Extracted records
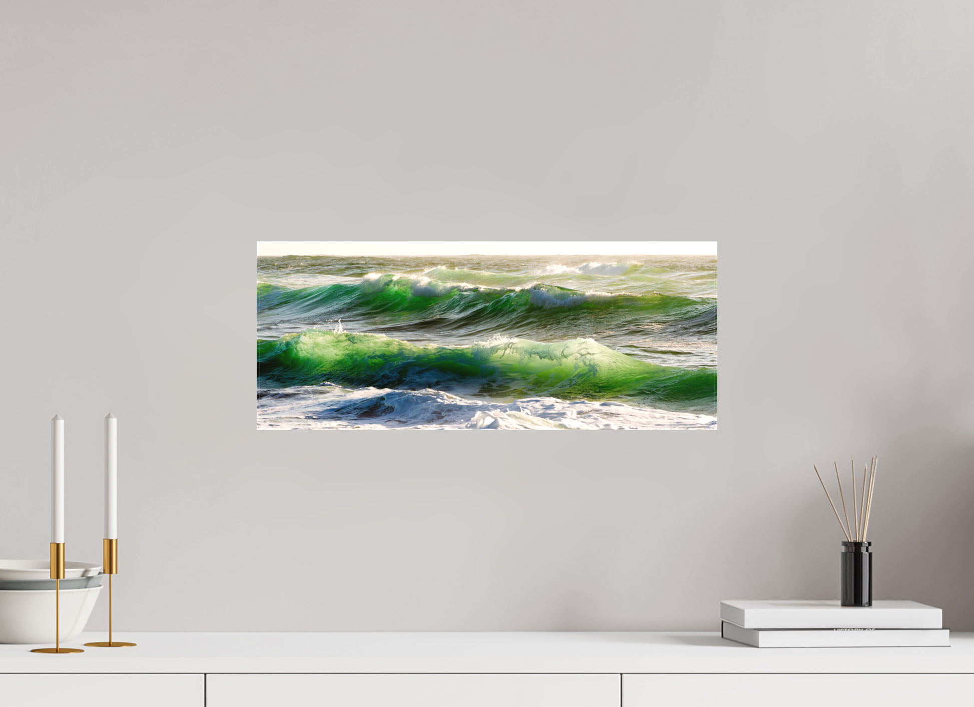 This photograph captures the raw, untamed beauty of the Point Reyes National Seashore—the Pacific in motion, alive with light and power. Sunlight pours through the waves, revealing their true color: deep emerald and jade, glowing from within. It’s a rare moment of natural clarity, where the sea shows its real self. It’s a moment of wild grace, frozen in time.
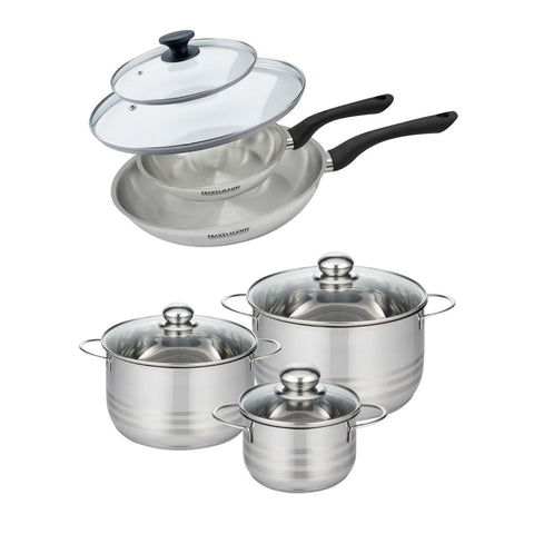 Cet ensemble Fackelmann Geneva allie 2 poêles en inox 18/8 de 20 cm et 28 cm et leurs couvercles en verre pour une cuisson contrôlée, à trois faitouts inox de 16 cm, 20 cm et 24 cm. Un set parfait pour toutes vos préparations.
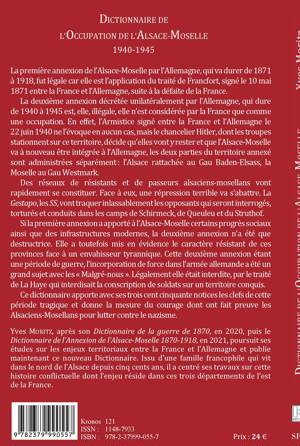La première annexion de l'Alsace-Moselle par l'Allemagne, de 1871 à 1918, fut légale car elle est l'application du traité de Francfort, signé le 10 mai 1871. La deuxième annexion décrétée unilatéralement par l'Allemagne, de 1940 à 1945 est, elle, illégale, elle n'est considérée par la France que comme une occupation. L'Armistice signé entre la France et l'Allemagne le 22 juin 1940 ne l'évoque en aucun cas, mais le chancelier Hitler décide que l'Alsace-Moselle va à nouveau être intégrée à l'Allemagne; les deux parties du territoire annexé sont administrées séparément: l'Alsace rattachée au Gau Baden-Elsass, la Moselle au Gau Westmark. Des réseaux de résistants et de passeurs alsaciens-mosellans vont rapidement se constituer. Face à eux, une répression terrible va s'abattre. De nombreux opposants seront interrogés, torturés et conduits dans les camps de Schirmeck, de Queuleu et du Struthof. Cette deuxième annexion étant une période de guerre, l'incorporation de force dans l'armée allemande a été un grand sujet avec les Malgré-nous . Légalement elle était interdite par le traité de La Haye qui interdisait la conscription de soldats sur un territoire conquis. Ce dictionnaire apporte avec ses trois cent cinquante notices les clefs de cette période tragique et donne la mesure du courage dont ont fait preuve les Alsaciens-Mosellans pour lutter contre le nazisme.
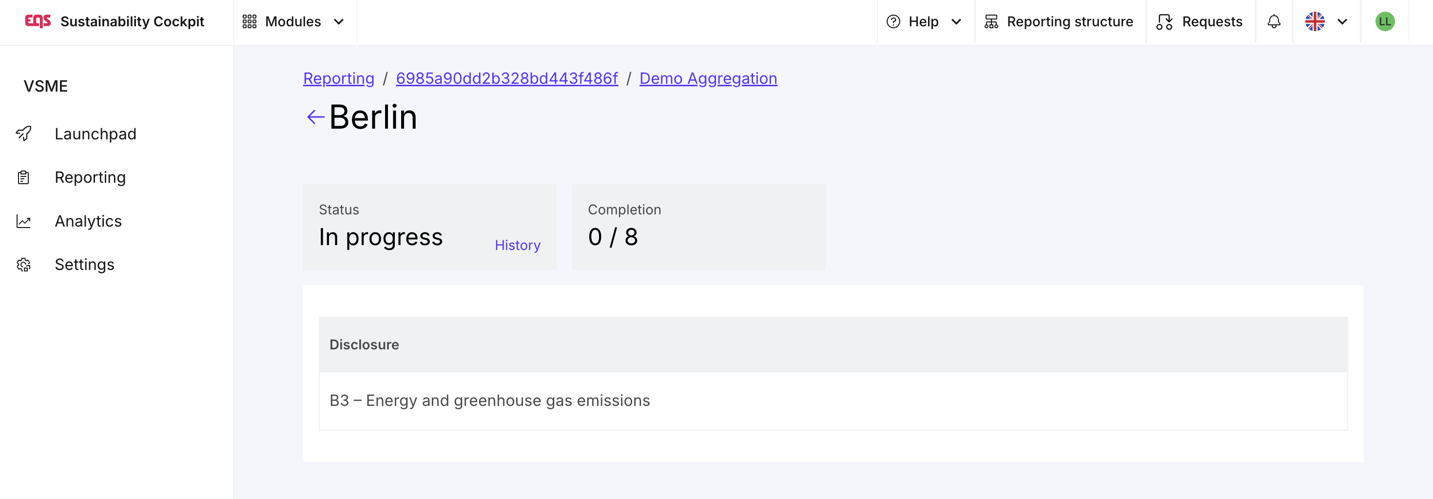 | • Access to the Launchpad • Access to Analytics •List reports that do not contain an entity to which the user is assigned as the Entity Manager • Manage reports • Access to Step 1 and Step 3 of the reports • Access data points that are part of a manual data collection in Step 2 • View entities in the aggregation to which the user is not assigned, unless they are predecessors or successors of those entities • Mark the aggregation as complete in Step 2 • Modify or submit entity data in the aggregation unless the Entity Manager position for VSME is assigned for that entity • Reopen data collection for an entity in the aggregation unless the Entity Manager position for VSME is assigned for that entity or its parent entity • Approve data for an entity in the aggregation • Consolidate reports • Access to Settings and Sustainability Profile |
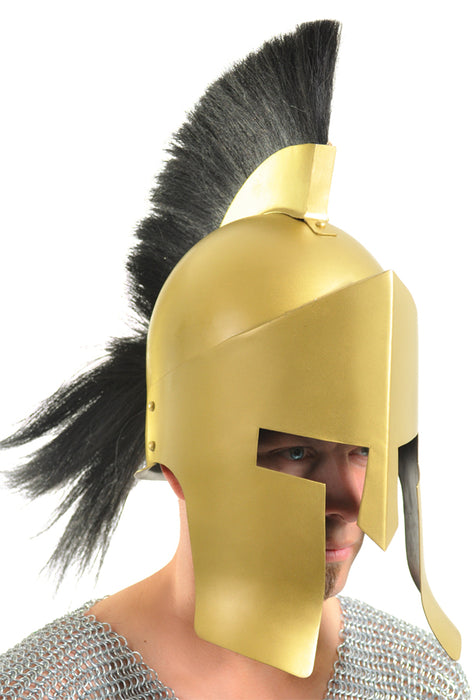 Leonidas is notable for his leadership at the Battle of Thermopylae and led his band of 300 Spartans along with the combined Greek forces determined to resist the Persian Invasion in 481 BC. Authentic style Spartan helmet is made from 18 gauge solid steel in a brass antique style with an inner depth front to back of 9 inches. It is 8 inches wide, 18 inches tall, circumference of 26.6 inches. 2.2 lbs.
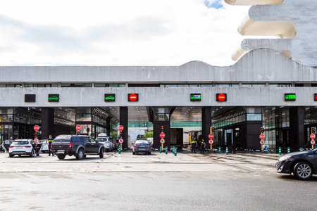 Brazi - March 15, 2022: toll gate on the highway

*TASK TO CARRY OUT:* Produce an exact copy of the records above, leaving out the pictures.

*OUTPUT OF THE TASK:*
 This photograph captures the raw, untamed beauty of the Point Reyes National Seashore—the Pacific in motion, alive with light and power. Sunlight pours through the waves, revealing their true color: deep emerald and jade, glowing from within. It’s a rare moment of natural clarity, where the sea shows its real self. It’s a moment of wild grace, frozen in time.
 Cet ensemble Fackelmann Geneva allie 2 poêles en inox 18/8 de 20 cm et 28 cm et leurs couvercles en verre pour une cuisson contrôlée, à trois faitouts inox de 16 cm, 20 cm et 24 cm. Un set parfait pour toutes vos préparations.
La première annexion de l'Alsace-Moselle par l'Allemagne, de 1871 à 1918, fut légale car elle est l'application du traité de Francfort, signé le 10 mai 1871. La deuxième annexion décrétée unilatéralement par l'Allemagne, de 1940 à 1945 est, elle, illégale, elle n'est considérée par la France que comme une occupation. L'Armistice signé entre la France et l'Allemagne le 22 juin 1940 ne l'évoque en aucun cas, mais le chancelier Hitler décide que l'Alsace-Moselle va à nouveau être intégrée à l'Allemagne; les deux parties du territoire annexé sont administrées séparément: l'Alsace rattachée au Gau Baden-Elsass, la Moselle au Gau Westmark. Des réseaux de résistants et de passeurs alsaciens-mosellans vont rapidement se constituer. Face à eux, une répression terrible va s'abattre. De nombreux opposants seront interrogés, torturés et conduits dans les camps de Schirmeck, de Queuleu et du Struthof. Cette deuxième annexion étant une période de guerre, l'incorporation de force dans l'armée allemande a été un grand sujet avec les Malgré-nous . Légalement elle était interdite par le traité de La Haye qui interdisait la conscription de soldats sur un territoire conquis. Ce dictionnaire apporte avec ses trois cent cinquante notices les clefs de cette période tragique et donne la mesure du courage dont ont fait preuve les Alsaciens-Mosellans pour lutter contre le nazisme.
 | • Access to the Launchpad • Access to Analytics •List reports that do not contain an entity to which the user is assigned as the Entity Manager • Manage reports • Access to Step 1 and Step 3 of the reports • Access data points that are part of a manual data collection in Step 2 • View entities in the aggregation to which the user is not assigned, unless they are predecessors or successors of those entities • Mark the aggregation as complete in Step 2 • Modify or submit entity data in the aggregation unless the Entity Manager position for VSME is assigned for that entity • Reopen data collection for an entity in the aggregation unless the Entity Manager position for VSME is assigned for that entity or its parent entity • Approve data for an entity in the aggregation • Consolidate reports • Access to Settings and Sustainability Profile |
 Leonidas is notable for his leadership at the Battle of Thermopylae and led his band of 300 Spartans along with the combined Greek forces determined to resist the Persian Invasion in 481 BC. Authentic style Spartan helmet is made from 18 gauge solid steel in a brass antique style with an inner depth front to back of 9 inches. It is 8 inches wide, 18 inches tall, circumference of 26.6 inches. 2.2 lbs.
 Brazi - March 15, 2022: toll gate on the highway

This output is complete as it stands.